Slank Hari Ini: Yang Mana Slankers Ori dan Slangkers Karbitan?
![]() |
JPNN |
Penulis: Fauzan Ibn Hasby
Editor: Fatio Nurul Efendi
Cangkeman.net - Salah satu band legendaris Indonesia yang tengah jadi sorotan akhir-akhir ini adalah Slank. Mereka dianggap berubah dan tak lagi seperti dulu oleh para penggemarnya.
Bicara soal Slank, berarti bicara mengenai band legendaris sekaligus rebel milik Indonesia. Sebab tak bisa dipungkiri, fanbase dari band satu ini salah satu fanbase terbesar di negeri ini.
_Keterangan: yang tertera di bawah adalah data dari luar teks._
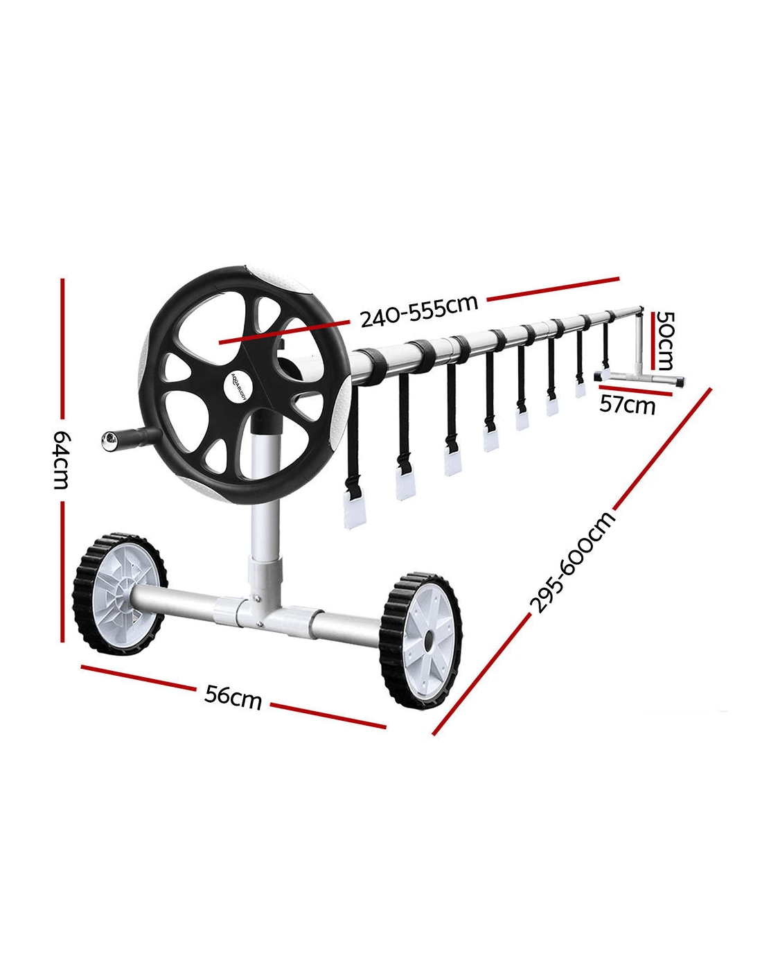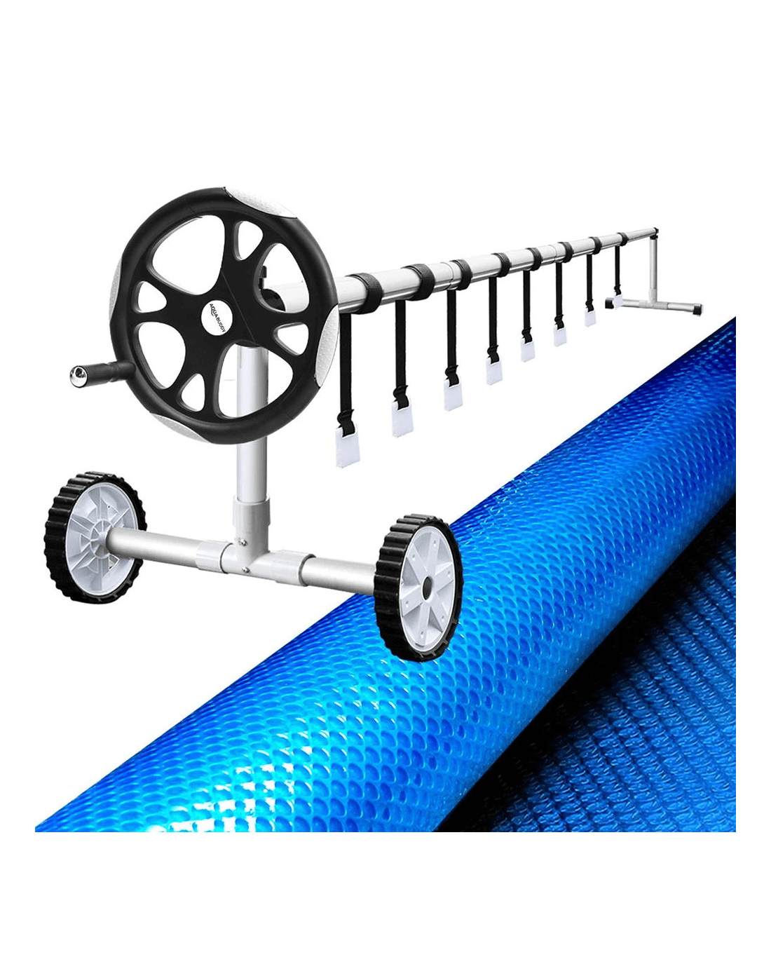 Keep your pool clean from debris and warm from the power of the sun with Aquabuddy's Aluminium Pool Roller and 9m x 5m Pool Cover. Made of sturdy aluminium construction with full adjustability, this pool roller is suitable for pool with a width between 2.4m-5.55m. It is equipped with premium anodized aluminium alloy stands, plastic wheels for maximum portability, and an exclusive non-slip spinning wheel design to easily roll up your pool cover and get right in the water. The solar pool cover is made from premium low-density polyethylene 500 Micron, which makes it extremely durable. Well, the design allows the sun rays to penetrate the pool, increasing the temperature and significantly reducing water evaporation. Aquabuddy helps heat the pool easier and faster, and retain more heat in the pool for a longer time. Finally, the cover keeps the pool water clean all year round, reducing the time spent maintaining the water, pumps and filters. Save money, save time, save summer! Get the best of natural resources and save money on chemicals and water; get yourself an Aquabuddy Pool Roller and 9m x 5m Cover set today!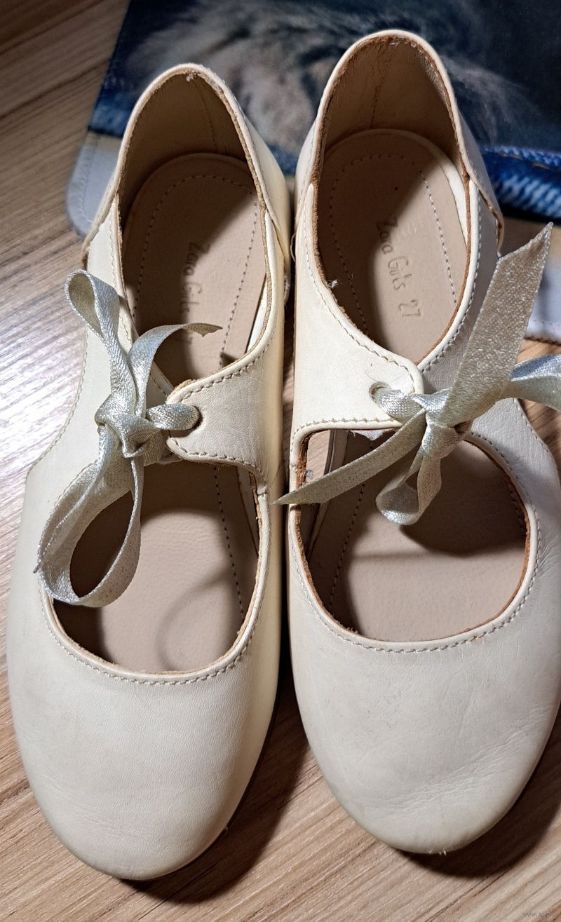 -Туфли бежевые на девочку «Зара», р.27 (по стельке 16.5см), б.у в отличном состоянии, бежевые. Цена-15руб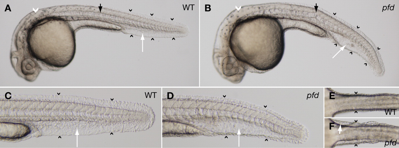 Fig. 1 The pfdgw1 mutation disrupts notochord and vascular development. A: The notochord (black arrow), caudal vein (white arrow), and fin fold (black arrowheads) form normally in wild-type embryos, and melanin pigmentation is present (white arrowhead). B: pfdgw1 mutants exhibit notochord kinking (black arrow), a cavernous caudal vein with loss of the usual reticular venous plexus (white arrow), and fin fold attenuation (black arrowheads). Melanin pigmentation is present (white arrowhead). C: Fin fold (arrowheads) and caudal vein (arrow) in a wild-type embryo. D: Attenuated fin fold (arrowheads) and cavernous caudal vein (arrow) typical of pfdgw1 mutants. E,F: Ventral views of a wild-type embryo (E) and a pfdgw1 mutant (F) demonstrating skin distention secondary to edema in the mutant (F, arrowheads). Red blood cells have extravasated into the edematous area (F, arrow). All embryos were photographed at 30 hours postfertilization (hpf).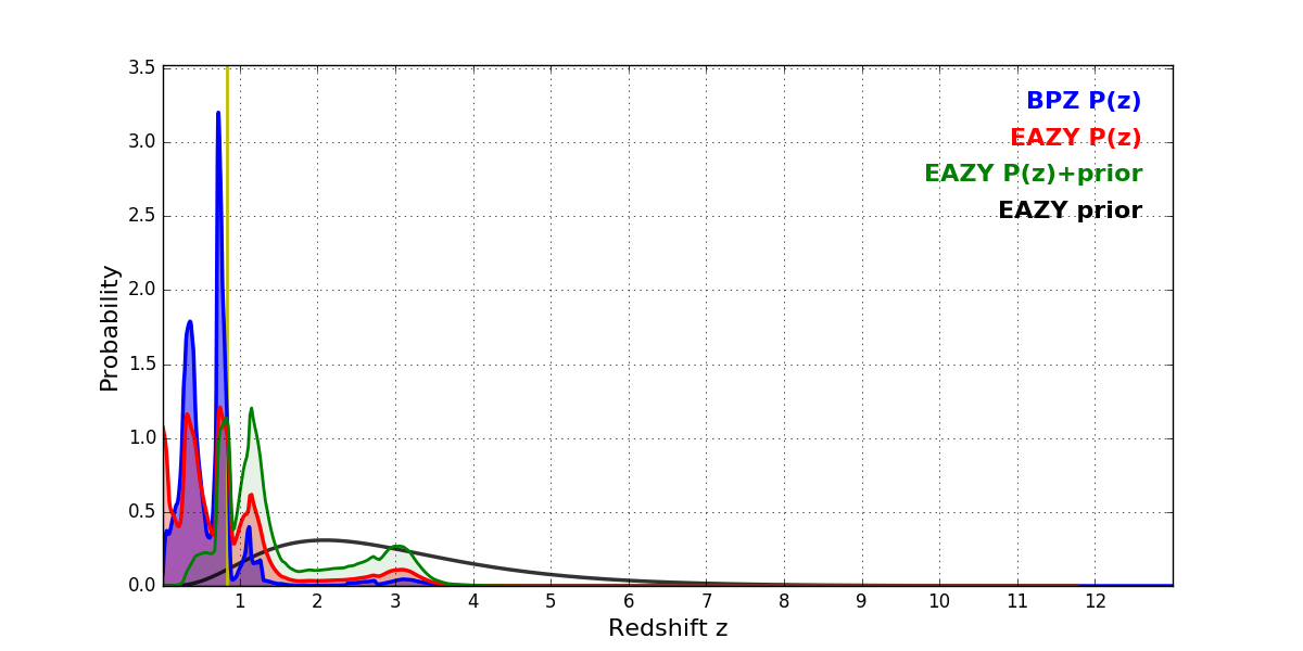 In P(z) plots: Yellow lines mark the cluster redshift z = 0.833,

Hingga dewasa ini, lahir pernyataan nyeleneh yang memang datang dari kenyataan yang ada. Pernyataan nyeleneh itu adalah "Dimana ada konser, di situ ada fans Slank yang mengibarkan syal atau bendera berlogo dan bertuliskan Slank".
Hal itu jadi fakta menarik sekaligus nyeleneh. Sebab memang benar adanya, Slank berhasil tumbuh besar di Indonesia sebagai salah satu band paling melejit sepanjang masa.
Beberapa hal yang generik dari performa band tak jarang jadi sebuah faktor. Slank punya semua itu. Mereka berada pada genre heavy rock yang memperlihatkan subgenre dari rock itu sendiri.
Anak muda dari zaman Slank masih muda, hingga kini sudah beranjak tua. Tak pernah merasa Slank benar-benar tua. Lagunya sukses melekat bahkan di setiap generasi.
Selain itu, Slank punya perjalanan karir yang menarik sekaligus heroik. Selama menjalani karir mereka yang hebat, Slank yang begitu lama naik daun dengan fanbase besar di Indonesia pernah jatuh bangun oleh jeratan kasus narkoba dan lain sebagainya.
Bicara soal kasus, Slank sebagai band yang bergerak dalam genre heavy rock tak hanya memiliki kasus soal kasus narkoba. Lebih dari itu, di masa 90an Slank juga dikenal sebagai salah satu dari bagian jajaran musisi yang rajin menciptakan lagu berisi kritik pada pemerintahan.
Slank yang dikenal memiliki beberapa lagu masterpiece yang isinya soal cinta-cintaan, justru sekaligus banyak menarik minat orang-orang karena beberapa lagunya yang lain yang dianggap berani dan ada dalam mewakili lantangnya suara rakyat.
Beberapa lagu Slank seperti yang berjudul 'Hei Bung', 'Siapa yang Salah', 'Seperti Para Koruptor', 'Gossip Jalanan', sampai 'Aktor Intelektual' jadi bagian kedigdayaan Slank sebagai musisi yang berhasil menarik minat dan simpati masyarakat.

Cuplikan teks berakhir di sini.